I've not come up with good idea. Ugly idea is to keep track of all replays of
full_page_writes for every buffer pages (i.e., prepare 1-bit per buffer page
table and set the specified bit to 1 when full_page_writes is applied),
and then check whether full_page_writes has been already applied when
replaying normal WAL record... Do you have any better idea?

Regards,

--
Fujii Masao
NIPPON TELEGRAPH AND TELEPHONE CORPORATION
NTT Open Source Software Center

#82

Simon Riggs

simon@2ndQuadrant.com

almost 14 years ago

In reply to: Fujii Masao (#81)

Re: Online base backup from the hot-standby

On Mon, Jan 23, 2012 at 10:29 AM, Fujii Masao <masao.fujii@gmail.com> wrote:

On Fri, Jan 20, 2012 at 11:34 PM, Simon Riggs <simon@2ndquadrant.com> wrote:

On Fri, Jan 20, 2012 at 12:54 PM, Fujii Masao <masao.fujii@gmail.com> wrote:

Thanks for the review!

On Fri, Jan 20, 2012 at 8:15 PM, Simon Riggs <simon@2ndquadrant.com> wrote:

I'm looking at this patch and wondering why we're doing so many
press-ups to ensure full_page_writes parameter is on. This will still
fail if you use a utility that removes the full page writes, but fail
silently.

I think it would be beneficial to explicitly check that all WAL
records have full page writes actually attached to them until we
achieve consistency.

I agree that it's worth adding such a safeguard. That can be a self-contained
feature, so I'll submit a separate patch for that, to keep each patch small.

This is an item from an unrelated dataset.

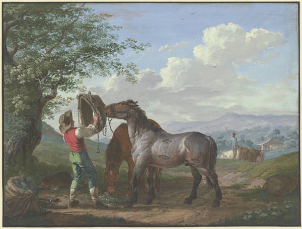Wilhelm Marstrand’s painting depicts a horse tied to a wooden post in a rural landscape, echoing themes prevalent in mid-19th century European art. Marstrand, who lived during a time of significant social change, including rising nationalism and industrialization, often explored themes of everyday life and historical narratives. Here, Rosinante, reminiscent of the steed from Cervantes’ “Don Quixote,” invites reflections on themes of identity and societal expectations. The horse is a symbol of labor, subservience, and also of freedom in the landscape. The portrayal invites us to consider the narratives of those whose labor underpins society, often unseen or unacknowledged. Rosinante’s somewhat melancholic stance can trigger an emotional connection, prompting reflection on how societal structures affect individual agency. Marstrand's Rosinante captures a moment of pause, embodying both the physical and emotional constraints of its existence, and serves as a poignant commentary on the universal struggle for self-determination within societal frameworks.
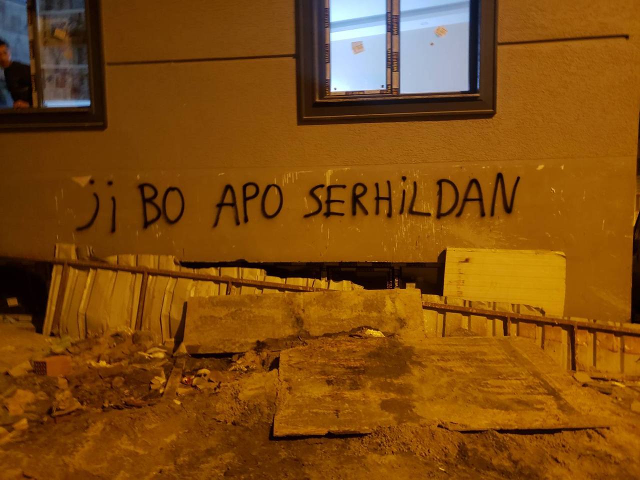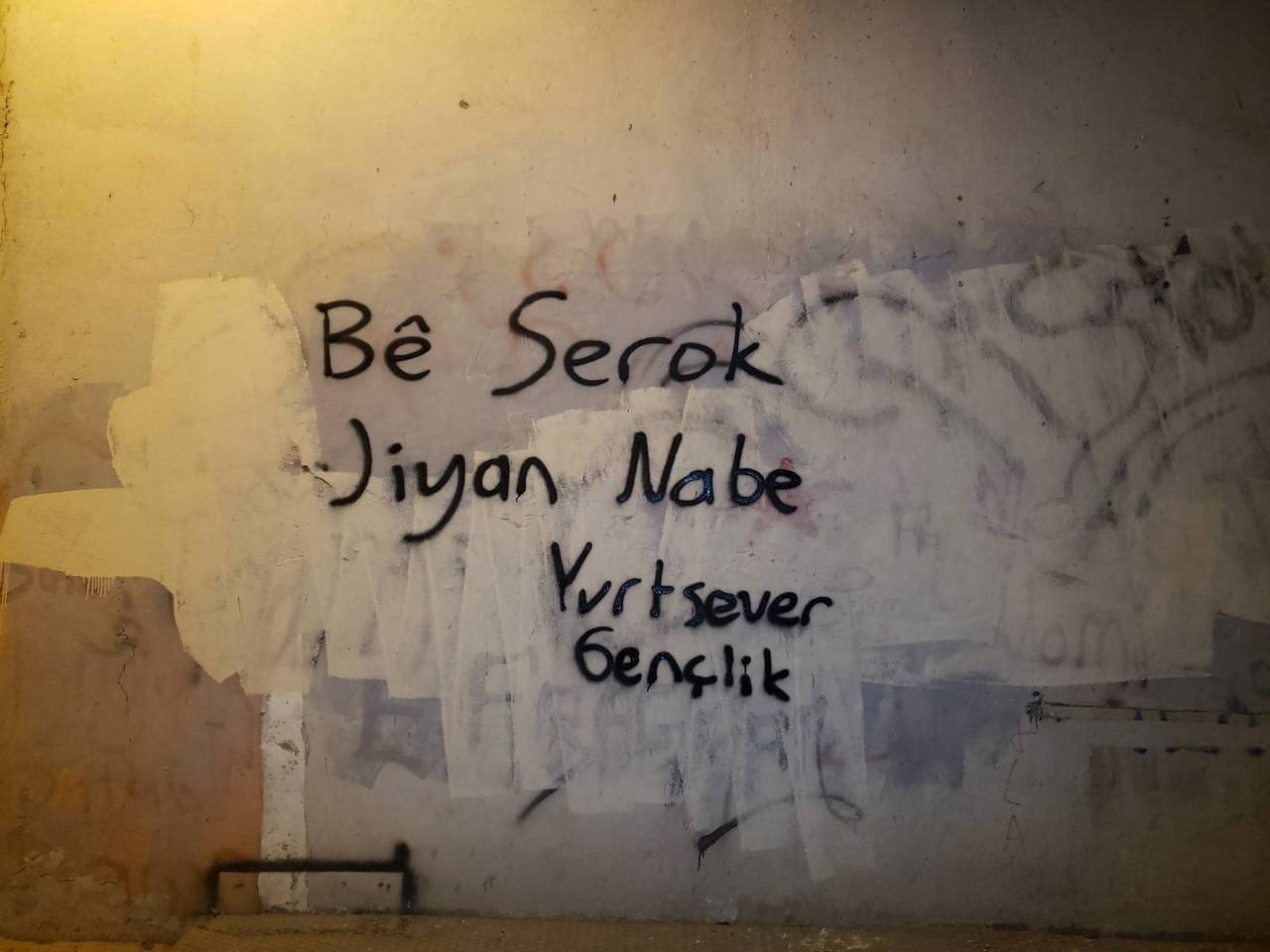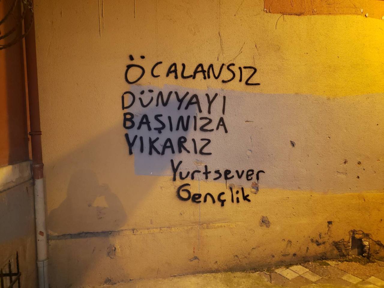 Yurtsever Gençlik duvarlara “Öcalan’sız Dünyayı Başınıza Yıkarız” “Devlet Halkın Canına Çöktü” yazdı.

Maybe, but you mean do this now as well? Not sure I like silent errors.

If many people think the patch is not acceptable without such a safeguard,
I will do that right now. Otherwise, I'd like to take more time to do
that, i.e.,
add it to 9.2dev Oepn Items.

I've not come up with good idea. Ugly idea is to keep track of all replays of
full_page_writes for every buffer pages (i.e., prepare 1-bit per buffer page
table and set the specified bit to 1 when full_page_writes is applied),
and then check whether full_page_writes has been already applied when
replaying normal WAL record... Do you have any better idea?

Not sure.

I think the only possible bug here is one introduced by an outside utility.

In that case, I don't think it should be the job of the backend to go
too far to protect against such atypical error. So if we can't solve
it fairly easily and with no overhead then I'd say lets skip it. We
could easily introduce a bug here just by having faulty checking code.

So lets add it to 9.2 open items as a non-priority item. I'll proceed
to commit for this now.

--
Simon Riggs http://www.2ndQuadrant.com/
PostgreSQL Development, 24x7 Support, Training & Services

#83

Robert Haas

robertmhaas@gmail.com

almost 14 years ago

In reply to: Fujii Masao (#81)

Re: Online base backup from the hot-standby

On Mon, Jan 23, 2012 at 5:29 AM, Fujii Masao <masao.fujii@gmail.com> wrote:

If many people think the patch is not acceptable without such a safeguard,
I will do that right now.

That's my view. I think we ought to resolve this issue before commit,
especially since it seems unclear that we know how to fix it.

--
Robert Haas
EnterpriseDB: http://www.enterprisedb.com
The Enterprise PostgreSQL Company

#84

Robert Haas

robertmhaas@gmail.com

almost 14 years ago

In reply to: Robert Haas (#83)

Re: Online base backup from the hot-standby

On Mon, Jan 23, 2012 at 8:11 AM, Robert Haas <robertmhaas@gmail.com> wrote:

On Mon, Jan 23, 2012 at 5:29 AM, Fujii Masao <masao.fujii@gmail.com> wrote:

If many people think the patch is not acceptable without such a safeguard,
I will do that right now.

That's my view. I think we ought to resolve this issue before commit,
especially since it seems unclear that we know how to fix it.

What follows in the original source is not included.